Would you please return the data below verbatim, without its pictures?

########

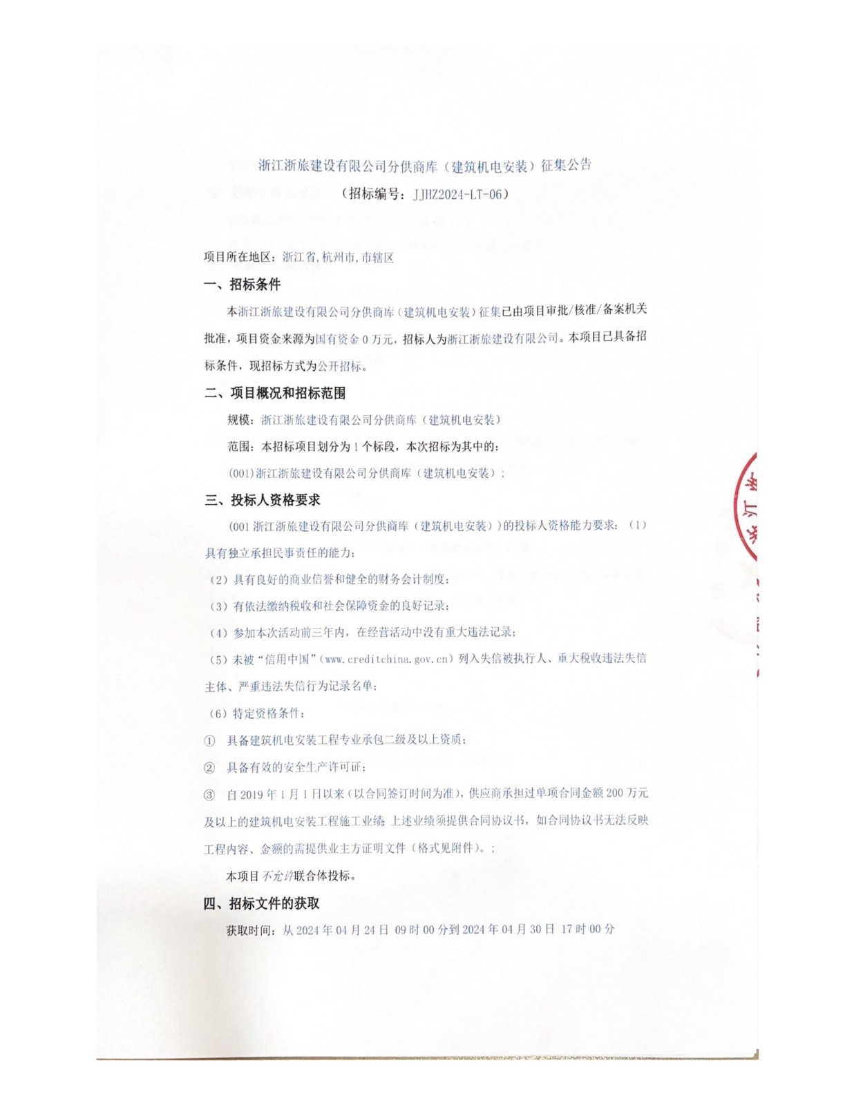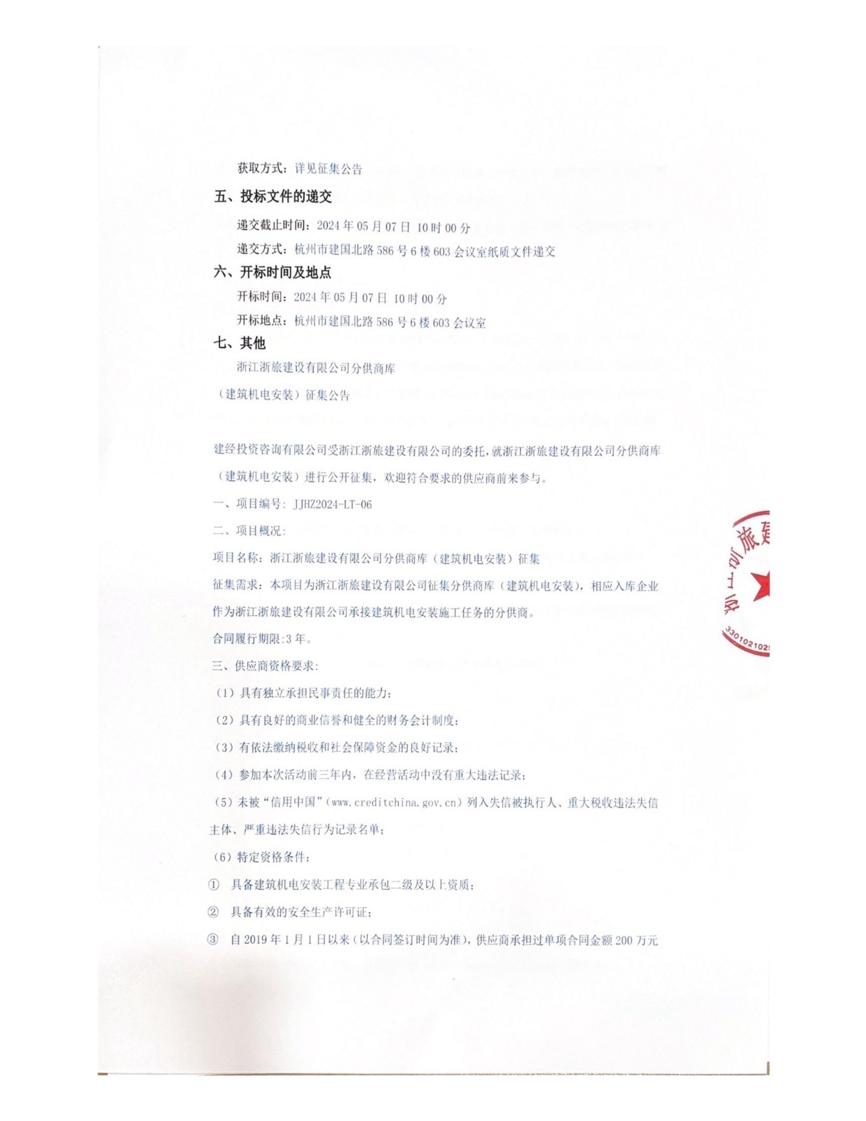 浙江浙旅建设有限公司分供商库(建筑机电安装)征集公告
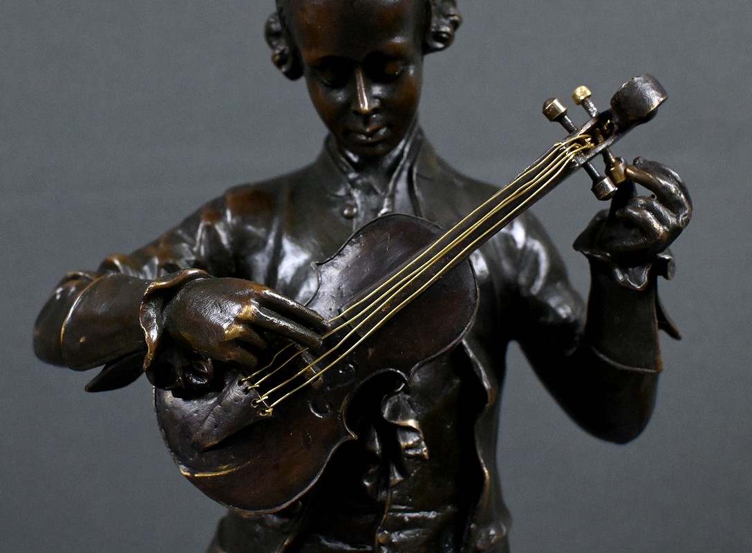 La fonte de qualité et la patine profonde met en valeur les volumes, les plis du vêtement et l’expression concentrée du musicien. Le travail du sculpteur révèle une véritable sensibilité : on perçoit la tension du geste, la maîtrise du violoniste et la profondeur intérieure de l’artiste. Le socle apporte stabilité et présence, donnant à l’ensemble une silhouette harmonieuse et très décorative.
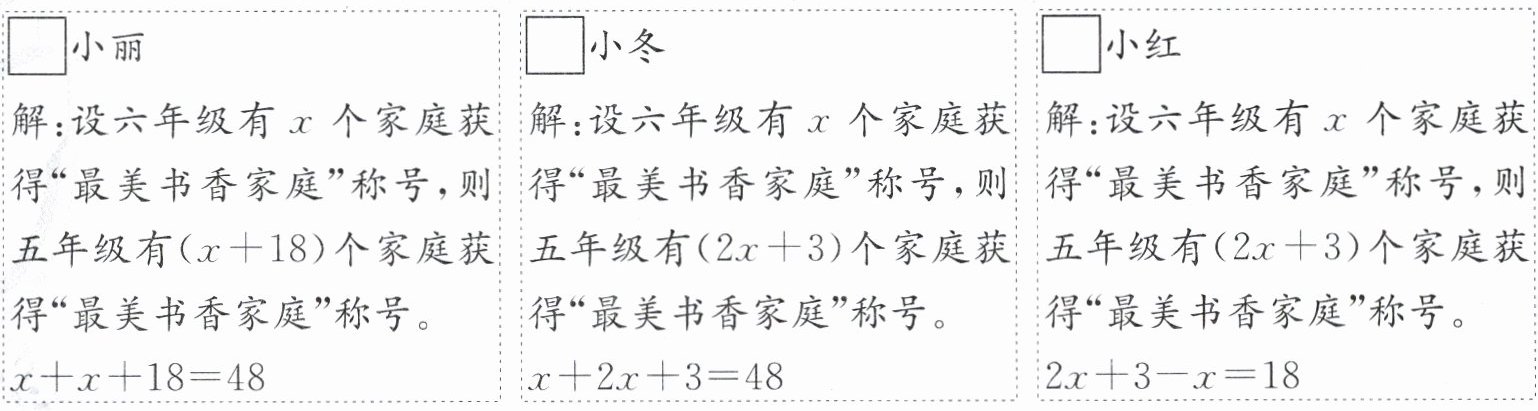 选择合适的信息,算出五年级和六年级分别有多少个家庭获得“最美书香家庭”称号。以下是三名同学选择不同信息列出的方程。
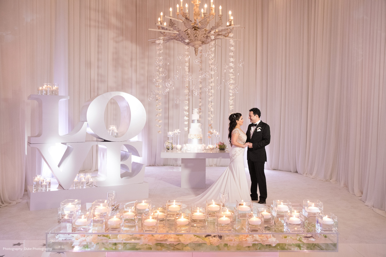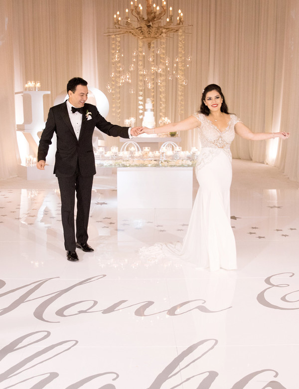 “In general, both of us are very spiritual and believe in positive energy and the power of the universe,” Mona adds. “For our wedding, we wanted everyone to feel the positive energy of our love and the timelessness of it that crosses all wavelengths and vibrations. Our first dance – to “Love” by Frank Sinatra – and father-daughter dance used the same thematic elements as well.”
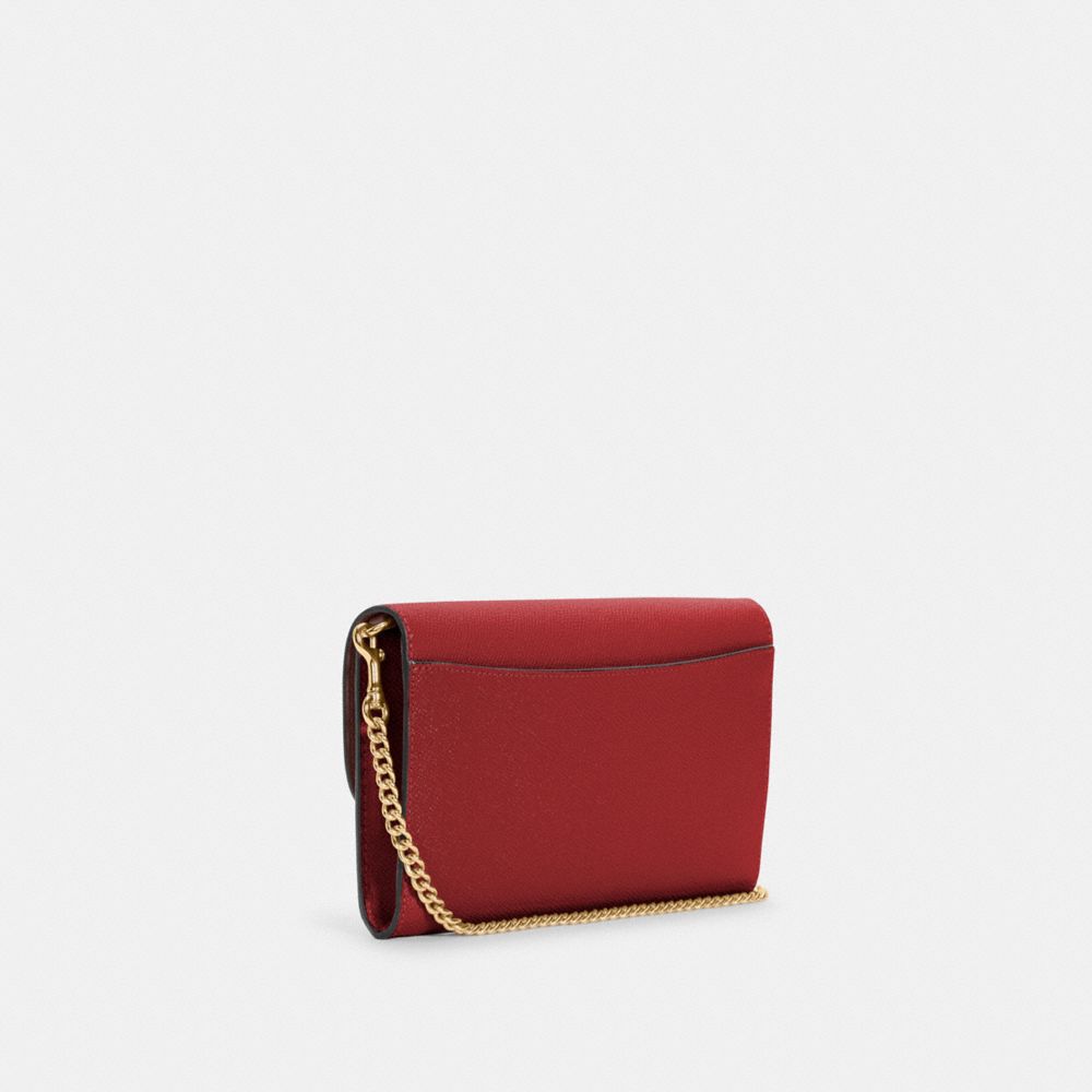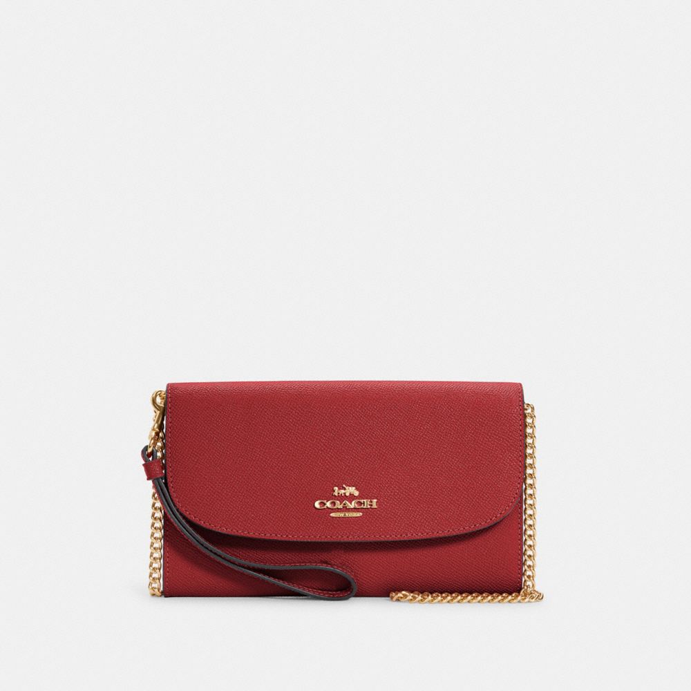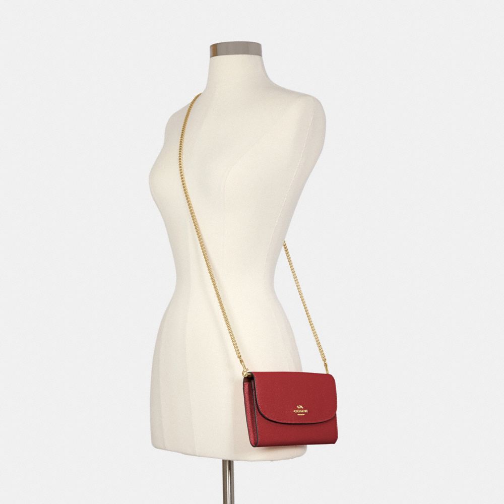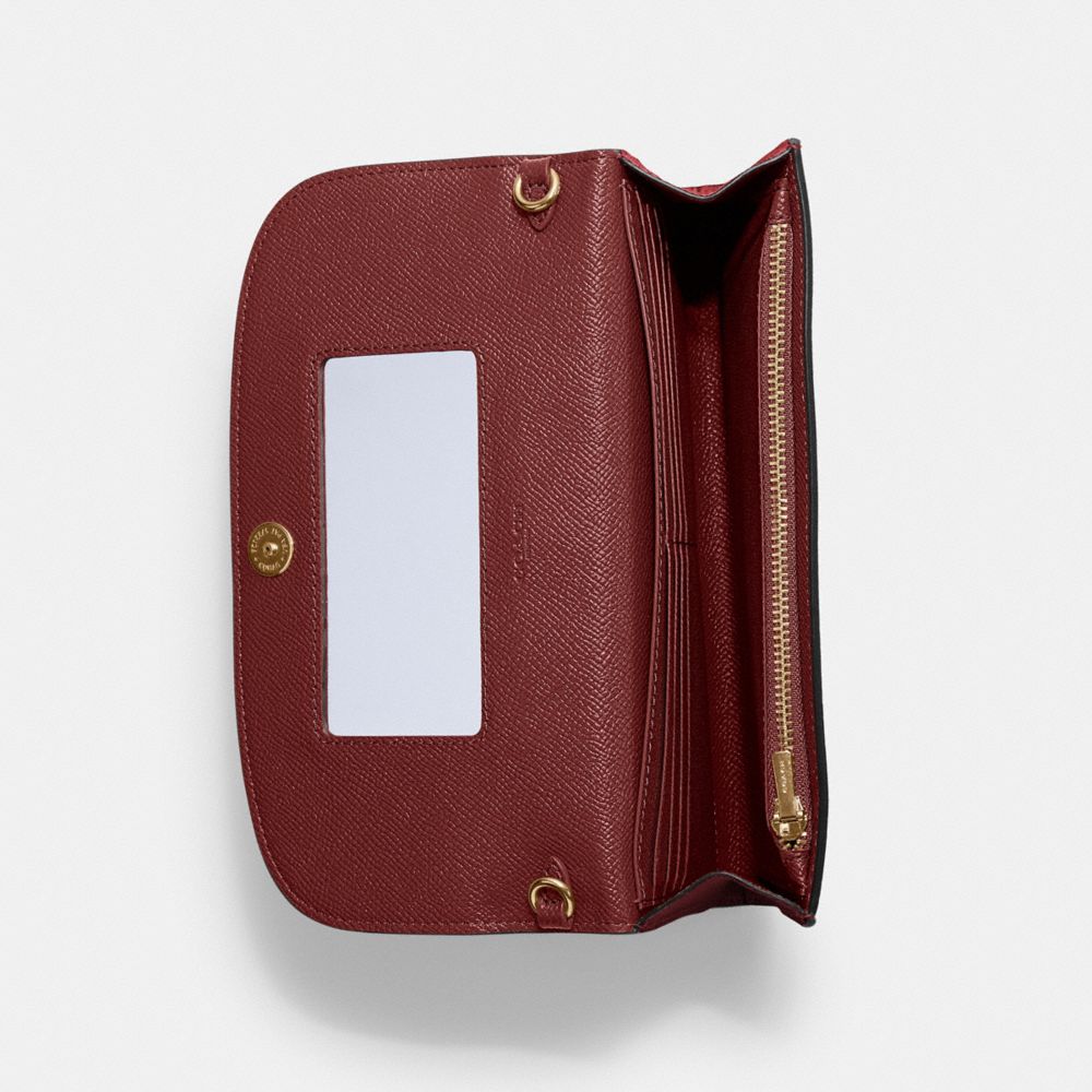 Crossgrain leather| Eight credit card slots| Full-length bill compartment| Inside zip and multifunction pockets| Inside mirror| Snap closure| Outside open pocket| Detachable wrist strap| Detachable chain strap with 23" drop for shoulder or crossbody wear| 7 3/4" (L) x 5" (H) x 1" (W)
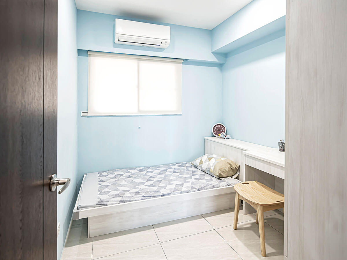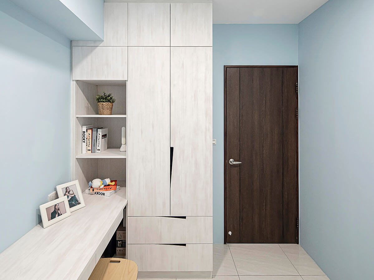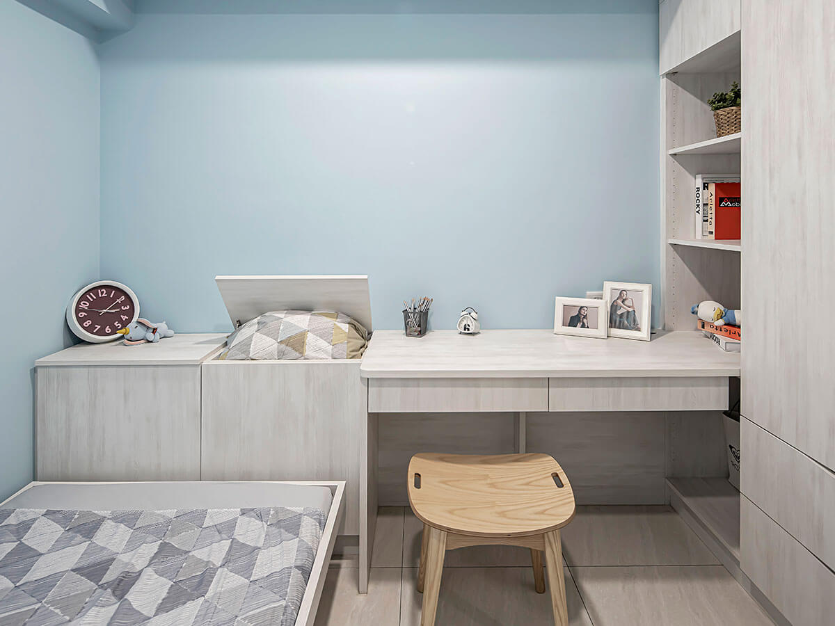 雖說是預留的小孩房,卻已經利用此次施工機會,完成裝潢,暫且先當作客房或書房利用。牆壁刷上淺藍色的塗漆,進一步安裝好沁白色的書桌櫃、系統衣櫃,細長三角形的凹縫把手造型營造出小小的趣味,藍天白雲的色調,令人心情舒朗,睡床基座可向上掀起,收納乾淨被褥於無形;掀蓋式木紋櫃既可容物,也兼當床背板,櫃體往右加長,變身為書桌,直伸入靠牆衣櫃的開放櫃格裡,毫不違和,書桌表面的用度也就隨著加寬加大了。
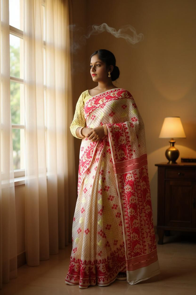 • Fabric Type: Premium handwoven Dhakai Jamdani
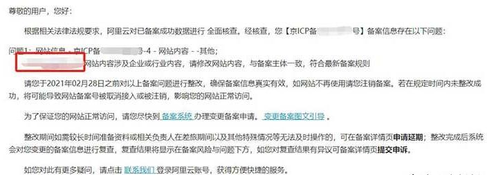 以下是阿里云發(fā)來的新一輪備案整改通知原文:
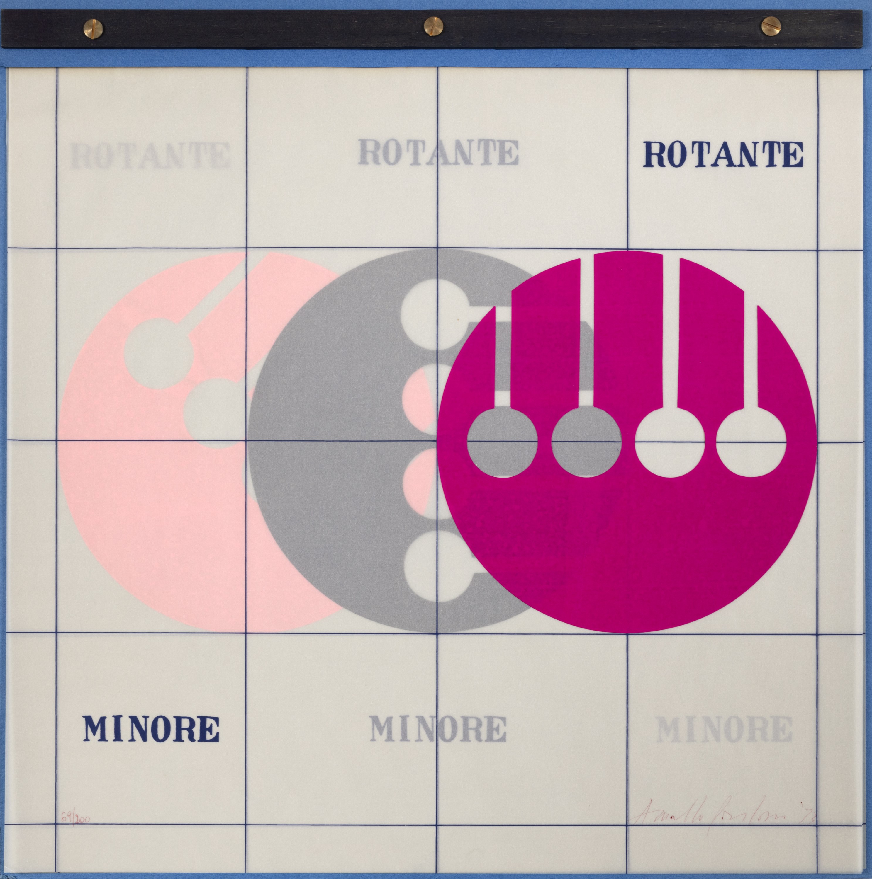 serigrafia a colori su tre fogli di carta da lucido, es. 69/200, cm 46 x 46 (misure dell'insieme), (sc)

########

### Expected output
 浙江浙旅建设有限公司分供商库(建筑机电安装)征集公告
 La fonte de qualité et la patine profonde met en valeur les volumes, les plis du vêtement et l’expression concentrée du musicien. Le travail du sculpteur révèle une véritable sensibilité : on perçoit la tension du geste, la maîtrise du violoniste et la profondeur intérieure de l’artiste. Le socle apporte stabilité et présence, donnant à l’ensemble une silhouette harmonieuse et très décorative.
 选择合适的信息,算出五年级和六年级分别有多少个家庭获得“最美书香家庭”称号。以下是三名同学选择不同信息列出的方程。
 “In general, both of us are very spiritual and believe in positive energy and the power of the universe,” Mona adds. “For our wedding, we wanted everyone to feel the positive energy of our love and the timelessness of it that crosses all wavelengths and vibrations. Our first dance – to “Love” by Frank Sinatra – and father-daughter dance used the same thematic elements as well.”
 Crossgrain leather| Eight credit card slots| Full-length bill compartment| Inside zip and multifunction pockets| Inside mirror| Snap closure| Outside open pocket| Detachable wrist strap| Detachable chain strap with 23" drop for shoulder or crossbody wear| 7 3/4" (L) x 5" (H) x 1" (W)
 雖說是預留的小孩房,卻已經利用此次施工機會,完成裝潢,暫且先當作客房或書房利用。牆壁刷上淺藍色的塗漆,進一步安裝好沁白色的書桌櫃、系統衣櫃,細長三角形的凹縫把手造型營造出小小的趣味,藍天白雲的色調,令人心情舒朗,睡床基座可向上掀起,收納乾淨被褥於無形;掀蓋式木紋櫃既可容物,也兼當床背板,櫃體往右加長,變身為書桌,直伸入靠牆衣櫃的開放櫃格裡,毫不違和,書桌表面的用度也就隨著加寬加大了。
 • Fabric Type: Premium handwoven Dhakai Jamdani
 以下是阿里云發(fā)來的新一輪備案整改通知原文:
 serigrafia a colori su tre fogli di carta da lucido, es. 69/200, cm 46 x 46 (misure dell'insieme), (sc)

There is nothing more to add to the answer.